– Все правильно, – сказал он, – вполне очевидно, что разум совершенно ясен и тверд.
Затем, обернувшись к паралитику, он спросил:
– Итак, вы обладаете капиталом в девятьсот тысяч франков, и он приносит вам благодаря бумагам, в которые вы его поместили, около сорока тысяч годового дохода?
– Да, – показал Нуартье.
– Кому вы желаете оставить это состояние?
– Здесь не может быть сомнений, – сказала г-жа де Вильфор. – Господин Нуартье любит только свою внучку, мадемуазель Валентину де Вильфор; она ухаживает за ним уже шесть лет; она своими неустанными заботами снискала любовь своего деда и, я бы сказала, его благодарность; поэтому будет вполне справедливо, если она получит награду за свою преданность.
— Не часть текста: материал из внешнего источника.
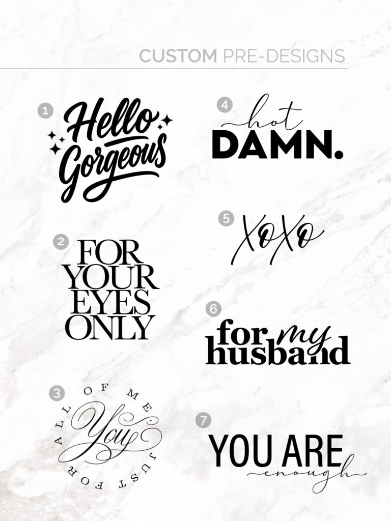 You can choose from the two STANDARD FONTS above in Step 4^ and pick your phrase for the cover. Some examples:
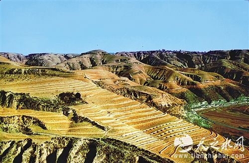 图为1998年退耕还林前,陕西省延安市延长县黄土遍地、植被凋零的地貌。 (资料图片)
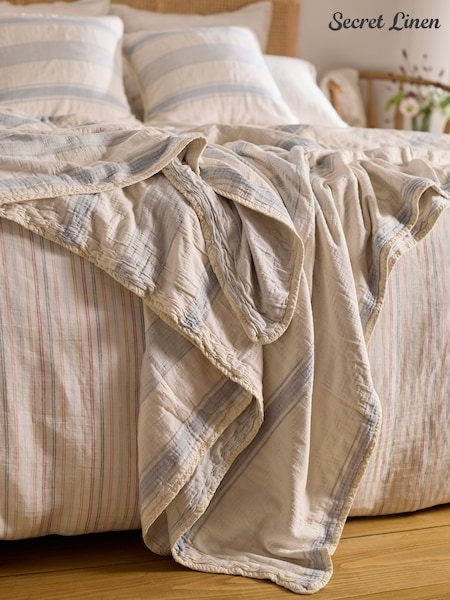 Secret Linen Store Benji Stripe Quilted Throw
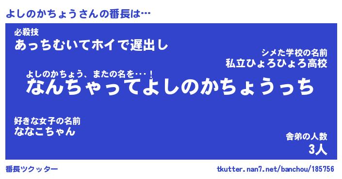 | 伝説のあだ名 | 『伝説のスナイパーよしのかちょう』 |

Глаза Нуартье блеснули, показывая, что г-жа де Вильфор не обманула его, притворно одобряя приписываемые ему намерения.
– Так вы оставляете эти девятьсот тысяч франков мадемуазель Валентине де Вильфор? – спросил нотариус, считавший, что ему остается только вписать этот пункт, но желавший все-таки удостовериться в согласии Нуартье и дать в нем удостовериться всем свидетелям этой необыкновенной сцены.
Валентина отошла немного в сторону и плакала, опустив голову; старик взглянул на нее с выражением глубокой нежности; потом, глядя на нотариуса, самым выразительным образом замигал.
– Нет? – сказал нотариус. – Как, разве вы не мадемуазель Валентину де Вильфор назначаете вашей единственной наследницей?
Нуартье сделал знак, что нет.
– Вы не ошибаетесь? – воскликнул удивленный нотариус. – Вы действительно говорите нет?
– Нет! – повторил Нуартье. – Нет!
Валентина подняла голову; она была поражена не тем, что ее лишают наследства, но тем, что она могла вызвать то чувство, которое обычно внушает такие поступки.
Но Нуартье глядел на нее с такой глубокой нежностью, что она воскликнула:
– Я понимаю, дедушка, вы лишаете меня только своего состояния, но не своей любви?
– Да, конечно, – сказали глаза паралитика, так выразительно закрываясь, что Валентина не могла сомневаться.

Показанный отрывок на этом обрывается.